→ **Your goal**
The records below are to be written out exactly, with every picture omitted.
*** Opening The data ***
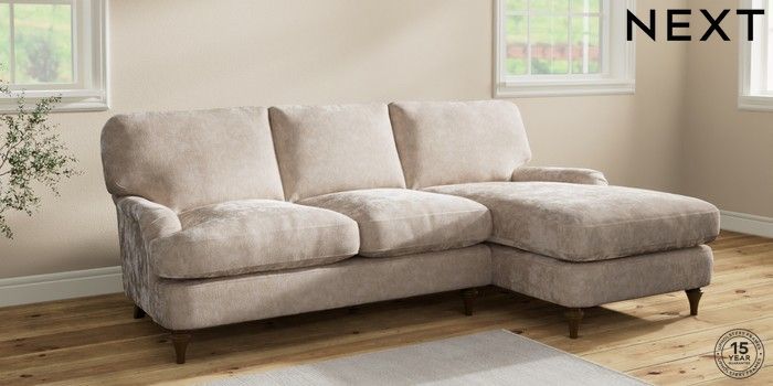 7.2.10 Sadie Deep Relaxed Sit Medium Sofa Chaise - Right Hand Distressed Velour Mid Natural High Slim Turned - Mid | Made Click here to use our website with more accessibility support, for example screen readers
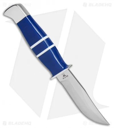 The Buck Ranger is based on a classic Buck fixed blade design that has been updated with collectible materials. It features a W2 steel blade for a high performance cutting edge. The handle is wrapped in rich blue and white lucite with a polished pommel and guard. Item includes a high quality leather sheath and a pine gift box. This limited edition series is serialized and includes a certificate of authenticity.
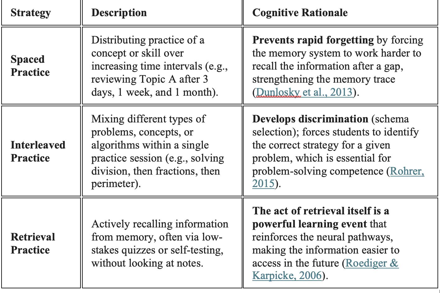 Anyway, I think the post is concise and makes the case that when learning the foundational stuff, kids need to be able to focus their cognitive resources on the actual math to be learned and less on the inquiry. While I worry that the science of learning folks may find their approaches are misunderstood or taken too far (SoL rockstar Carl Hendrick is also worried about this, by the way), I still think schools and learners are better off in a world where teachers and schools are thinking about SoL concepts. Toward that end, here are a pair of charts from Diamond’s post that might be useful.
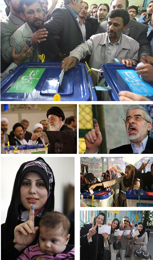 وجرت الحملة الانتخابية في أجواء من المنافسة الضارية غير المسبوقة في الجمهورية الإسلامية بين المرشحين وشهدت تجمعات ومهرجانات شعبية سيطرت عليها أجواء احتفالية. وأدلى أحمدي نجاد بصورة في ساعة باكرة في أحد أحياء جنوب شرق العاصمة وانتظر الرئيس الذي يحرص على تصوير نفسه في صورة (رجل الشعب) أربعين دقيقة في صف انتظار طويل قبل أن يضع بطاقته في صندوق الاقتراع، بحسب ما أفادت وكالة إيرنا الرسمية. وأعلن بعد ذلك أن (قرار الشعب الواضح والحازم والثوري سيمنحه مستقبلاً باهراً وتقدمياً). أما موسوي الذي أدلى بصوته أيضاً في طهران، فلمس (مؤشر خير) في الإقبال القوي لكنه دعا (المسؤولين إلى السهر على حراسة صناديق الاقتراع). وذكر معلومات تفيد أن بعض (ممثليه لم يسمح لهم بالقيام بمهام مراقبين) في مكاتب تصويت.
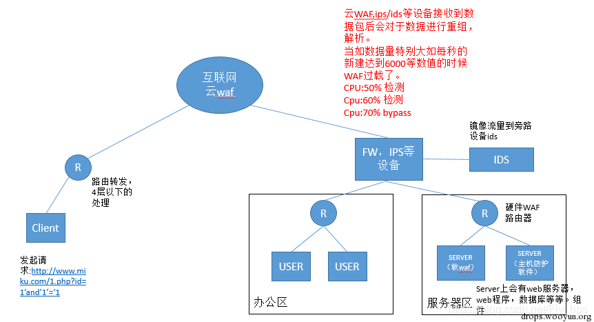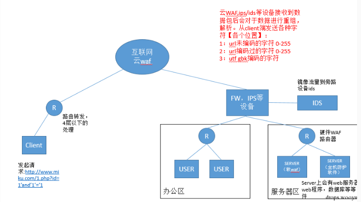 - 3)发送HTTP请求过去,请求会依次经过云WAF,硬件IPS/IDS设备,硬件WAF设备,服务器,web服务器,主机防护软件/软WAF,WEB程序,数据库。 云WAF,硬件IPS/IDS,硬件WAF均有自己处理数据的方式。云WAF与硬件WAF细节上不太清楚,对于硬件IPS有一定的了解。之前在drops上发过一篇文章,文章链接是:http://drops.wooyun.org/papers/4323。
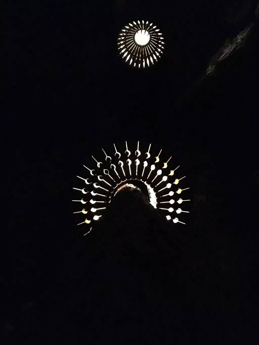 继续前行,林木间出现形状各异的灯。或许是考虑到持久性审美,灯的形状设计很简单,线条明快,光从其中透出来,通过外廓形成规律的影子,非常适合拍照。连映射到地面上的暗影都呈艺术的发散型,也算是匠心独具了。除了悬挂着的吊灯之外,在地面上还有几种不同颜色的脚灯,自下而上,或蓝或红或绿,不过说实话这有点象《西游记》里妖精的洞府,略显恶俗。要是再加点干冰效果就更逼真了。
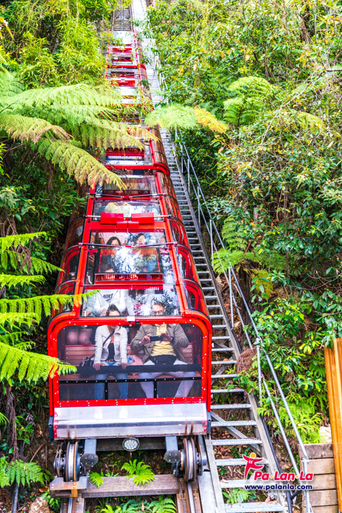 รถราง Scenic Railway ได้ชื่อว่าเป็นรถรางสายที่ชันที่สุดในโลก (รูปซ้าย) บางช่วงจะต้องลอดผ่านอุโมงค์ที่มีความมืดและแคบ (รูปขวา)
*** Closing The data ***
→ **Solution**
 7.2.10 Sadie Deep Relaxed Sit Medium Sofa Chaise - Right Hand Distressed Velour Mid Natural High Slim Turned - Mid | Made Click here to use our website with more accessibility support, for example screen readers
 The Buck Ranger is based on a classic Buck fixed blade design that has been updated with collectible materials. It features a W2 steel blade for a high performance cutting edge. The handle is wrapped in rich blue and white lucite with a polished pommel and guard. Item includes a high quality leather sheath and a pine gift box. This limited edition series is serialized and includes a certificate of authenticity.
 Anyway, I think the post is concise and makes the case that when learning the foundational stuff, kids need to be able to focus their cognitive resources on the actual math to be learned and less on the inquiry. While I worry that the science of learning folks may find their approaches are misunderstood or taken too far (SoL rockstar Carl Hendrick is also worried about this, by the way), I still think schools and learners are better off in a world where teachers and schools are thinking about SoL concepts. Toward that end, here are a pair of charts from Diamond’s post that might be useful.
 وجرت الحملة الانتخابية في أجواء من المنافسة الضارية غير المسبوقة في الجمهورية الإسلامية بين المرشحين وشهدت تجمعات ومهرجانات شعبية سيطرت عليها أجواء احتفالية. وأدلى أحمدي نجاد بصورة في ساعة باكرة في أحد أحياء جنوب شرق العاصمة وانتظر الرئيس الذي يحرص على تصوير نفسه في صورة (رجل الشعب) أربعين دقيقة في صف انتظار طويل قبل أن يضع بطاقته في صندوق الاقتراع، بحسب ما أفادت وكالة إيرنا الرسمية. وأعلن بعد ذلك أن (قرار الشعب الواضح والحازم والثوري سيمنحه مستقبلاً باهراً وتقدمياً). أما موسوي الذي أدلى بصوته أيضاً في طهران، فلمس (مؤشر خير) في الإقبال القوي لكنه دعا (المسؤولين إلى السهر على حراسة صناديق الاقتراع). وذكر معلومات تفيد أن بعض (ممثليه لم يسمح لهم بالقيام بمهام مراقبين) في مكاتب تصويت.
 - 3)发送HTTP请求过去,请求会依次经过云WAF,硬件IPS/IDS设备,硬件WAF设备,服务器,web服务器,主机防护软件/软WAF,WEB程序,数据库。 云WAF,硬件IPS/IDS,硬件WAF均有自己处理数据的方式。云WAF与硬件WAF细节上不太清楚,对于硬件IPS有一定的了解。之前在drops上发过一篇文章,文章链接是:http://drops.wooyun.org/papers/4323。
 继续前行,林木间出现形状各异的灯。或许是考虑到持久性审美,灯的形状设计很简单,线条明快,光从其中透出来,通过外廓形成规律的影子,非常适合拍照。连映射到地面上的暗影都呈艺术的发散型,也算是匠心独具了。除了悬挂着的吊灯之外,在地面上还有几种不同颜色的脚灯,自下而上,或蓝或红或绿,不过说实话这有点象《西游记》里妖精的洞府,略显恶俗。要是再加点干冰效果就更逼真了。
 รถราง Scenic Railway ได้ชื่อว่าเป็นรถรางสายที่ชันที่สุดในโลก (รูปซ้าย) บางช่วงจะต้องลอดผ่านอุโมงค์ที่มีความมืดและแคบ (รูปขวา)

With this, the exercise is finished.